* **About this exercise**: Repeat each line of the material below exactly as it appears, minus any pictures.

*** The data Section Begins ***

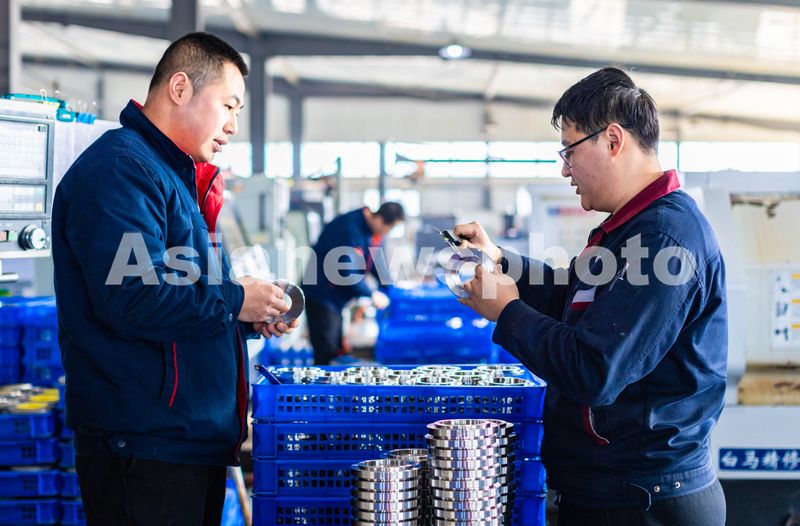 图片说明:2025年2月10日,内蒙古呼和浩特蒙瓦阀业有限公司生产车间,工作人员对即将发往海外市场的订单产品进行质检。
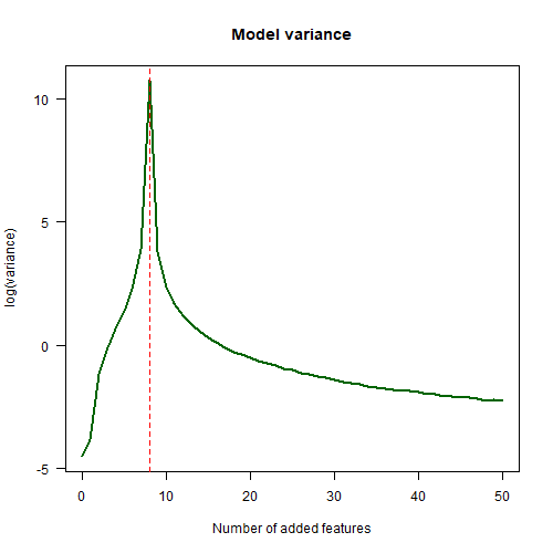 plot(0:K, df$vars, "l", xlab="Number of added features",
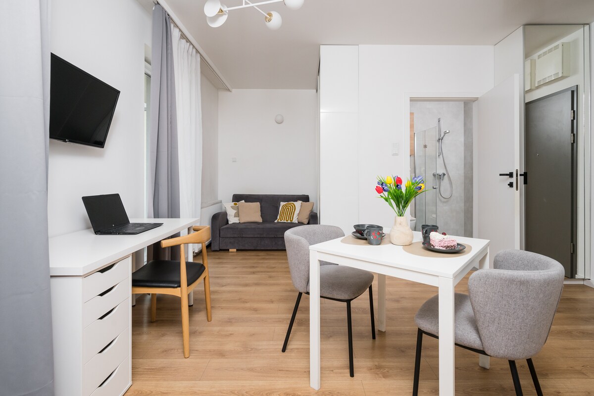 Un departamento cómodo y totalmente equipado con balcón, diseñado para estancias más largas en Cracovia. Una distribución bien pensada y un acabado moderno garantizan la comodidad diaria: una cocina empotrada funcional, una acogedora sala de estar con un sofá cama, un espacio de trabajo y un televisor inteligente. El balcón y las ventanas dan a un espacio verde y tranquilo, lo que te permite disfrutar de privacidad. Perfecto para personas que trabajan a distancia o que buscan un alojamiento cómodo durante unas semanas o meses.

*** The data Section Ends ***

* **Written answer**:
 图片说明:2025年2月10日,内蒙古呼和浩特蒙瓦阀业有限公司生产车间,工作人员对即将发往海外市场的订单产品进行质检。
 plot(0:K, df$vars, "l", xlab="Number of added features",
 Un departamento cómodo y totalmente equipado con balcón, diseñado para estancias más largas en Cracovia. Una distribución bien pensada y un acabado moderno garantizan la comodidad diaria: una cocina empotrada funcional, una acogedora sala de estar con un sofá cama, un espacio de trabajo y un televisor inteligente. El balcón y las ventanas dan a un espacio verde y tranquilo, lo que te permite disfrutar de privacidad. Perfecto para personas que trabajan a distancia o que buscan un alojamiento cómodo durante unas semanas o meses.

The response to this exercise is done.